Both Gartner and Forrester Research had released reports last year predicting that enterprise uptake of Windows Vista would be sluggish, just as it was with Windows XP. Forrester, for instance, said in December that its surveys indicated that only a third of big business users planned to start deploying Vista when it became available -- or even by the time Microsoft releases a Service Pack 1 update, which typically takes a year or so. About 20 percent of users in Forrester's July 2005 survey of 56 large companies said they had no plans to upgrade Vista at all.

Microsoft will continue to release Windows Vista Business and Windows Vista Enterprise to volume licensing customers in November. The four consumer editions of Vista, while still being released to manufacturing in November, won't arrive installed in PCs on store shelves until January -- after the important holiday shopping season. Jim Allchin, co-president of the company's platform and services division announced the delay Tuesday, saying the company wants to ensure that the OS is solid and secure before releasing it.

Microsoft also said that retail sales of new PCs are actually higher in January than in december.

Even enterprises with speedier rollout plans said the consumer version shipping delay doesn't affect their rollout plans.

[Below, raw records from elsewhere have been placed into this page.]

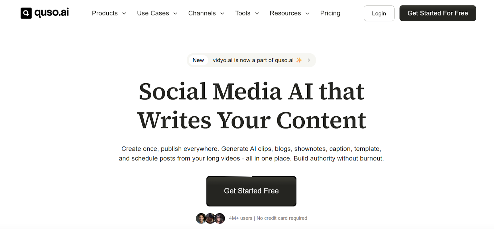 Quso combines hook generation with comprehensive content repurposing. The web based platform extracts attention grabbing openings from long videos while generating captions and effects that enhance hook impact automatically.
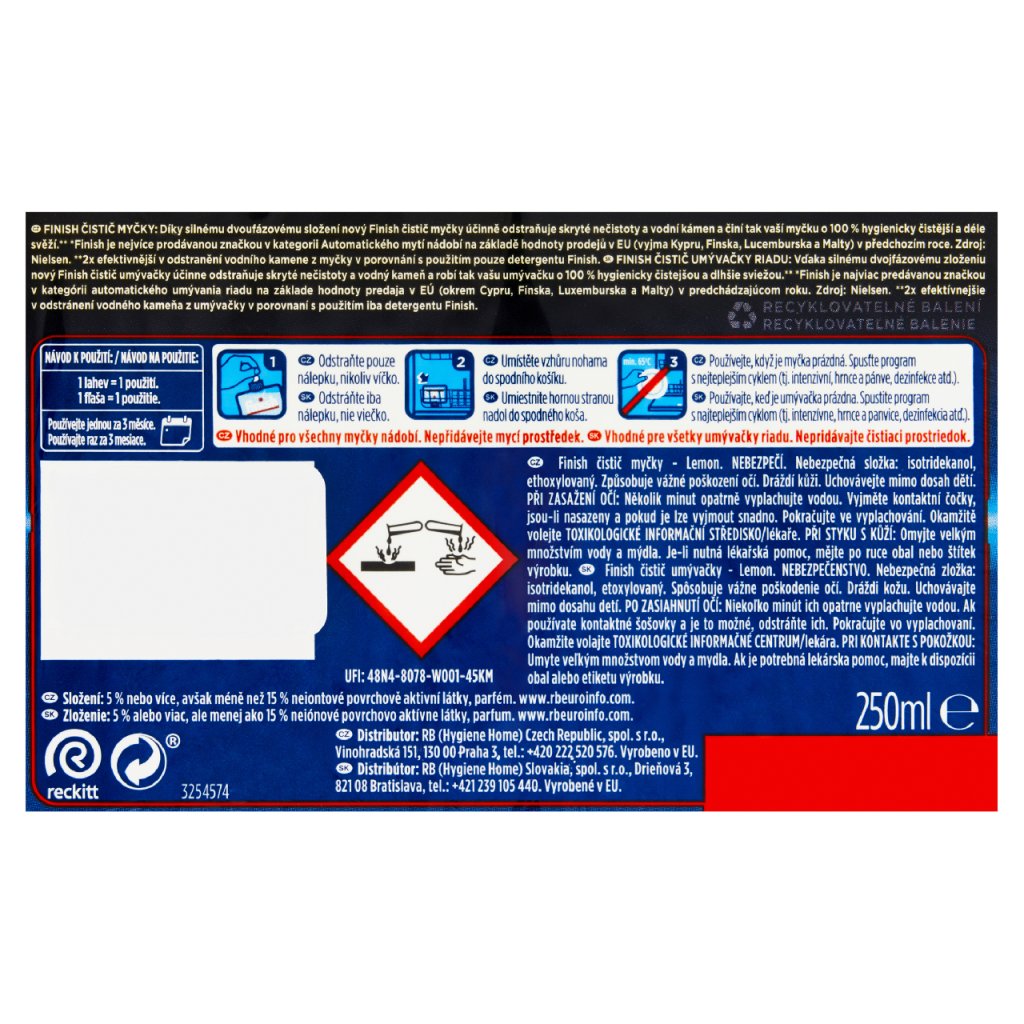 Produkt finish Lemon čistič myčky 2 x 250 ml Vás nezklame.
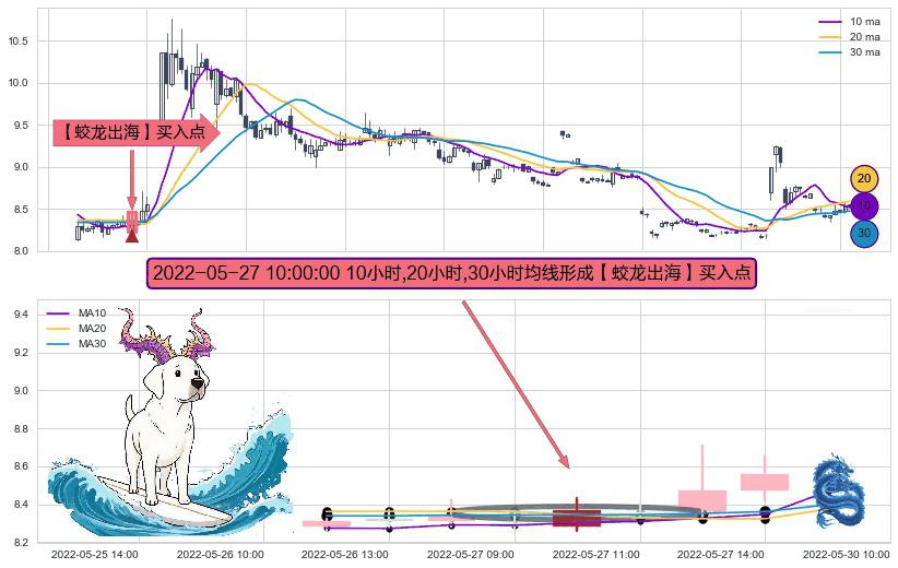 ⚀ 2022-05-27 10:00:00小时显现 10小时-20小时-30小时均线 【蛟龙出海】买入点 看多信号,后市看涨,买入

"The Microsoft announcement does not adversely affect us," said Robert Fort, director of IT for Los Angeles-based music retailer, Virgin Entertainment Group. Virgin has about 500 PCs serving as in-store Point-of-Service (POS) terminals and kiosks running a combination of Windows 2000, Windows Embedded for Point of Service (WEPOS) and an old IBM "green screen" OS. The retailer is part of Microsoft's early Technology Adopter Program, or TAP, and "will continue to follow its timeline," Fort said.